Today marks the 92nd birthday of Egyptian actress and film producer Faten Hamama, known as The First Lady of Egyptian and Arabic Cinema.
Born on the 27th of May 1931, she made her screen debut in 1939 as a seven year old.
She got her first role after she won a children’s beauty pageant in Egypt, and that was one director Mohamed Karim saw her and thought she was suitable for a role of a young girl in A Happy Day with actor and musician Mohamed Abdel Wahab.
Hamama joined the High Institute of Acting in 1946, and during that same year she was offered a role by Youssef Wahbi in the movie Angel of Mercy.
Hamama played a significant role in the golden age of the Egyptian cinema in the 1950s.
In 1951, she starred in the movie Your Day will Come, which was nominated for the Prix International Award at the Cannes Film Festival.
In 1963, she participated in Hollywood’s crime film Cairo.
Her movies were a key role in the women’s rights movement in Egypt. For instance, her movie The Open Door shows the important role Egyptian women played in the Liberation of Egypt from colonization.
Her most significant film, I Want a Solution, criticised the marriage and divorce laws in Egypt, granting women the right to divorce their husbands.
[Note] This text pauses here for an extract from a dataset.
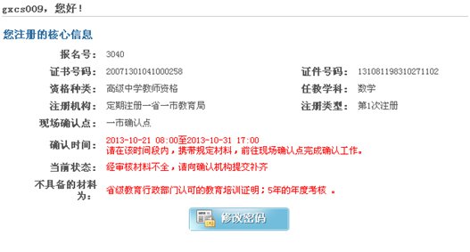申请人已经到初审注册机构指定的现场确认点确认个人网上申报信息,并提交申报材料,但所提交材料不齐全时,其申请状态为“经审核材料不全,请向确认机构提交补齐”。同时可以查看不具备的材料有哪些。如下图所示:
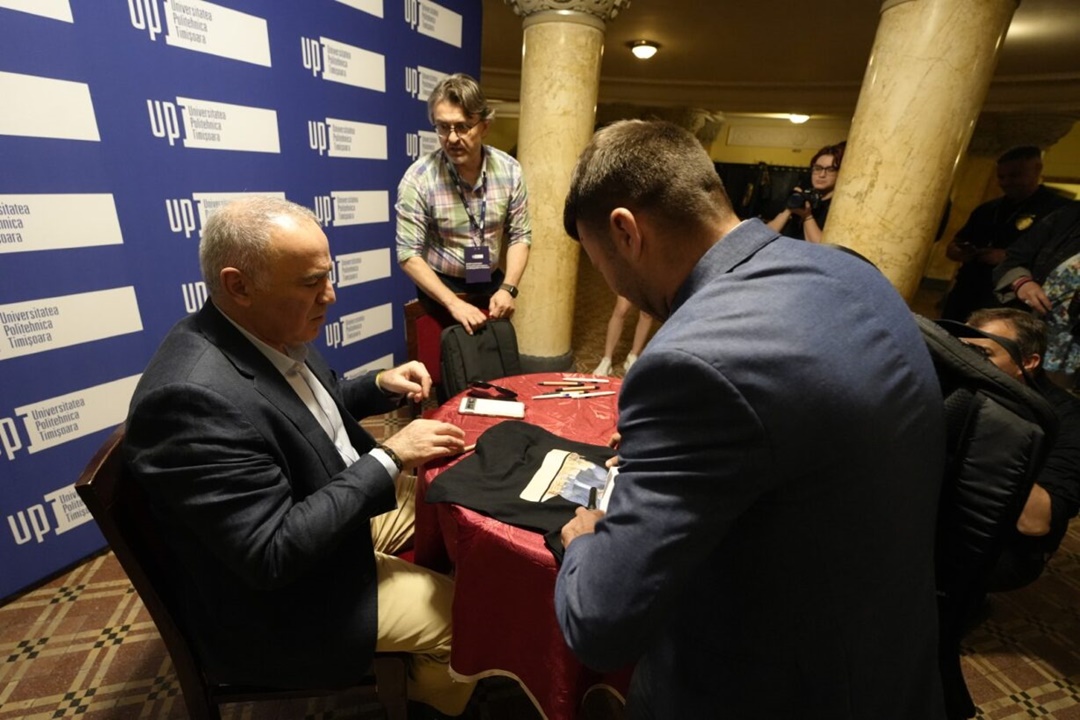 La Teatrul Național Timișoara, legendarul șahist a avut o întâlnire cu reprezentanții presei, cărora le-a prezentat viziunea proprie despre problemele geopolitice actuale.

The movie The Nightingale’s Prayer depicts the struggle of Egyptian women in the countryside and the inequality they face with what is called “honour killing”
She also starred in an Egyptian adaptation of Tolstoy’s Anna Karenina which was called The River of Love with her then husband Omar Sharif.
Hamama passed away on the 17th of January 2015, leaving behind a legacy that will be remembered forever.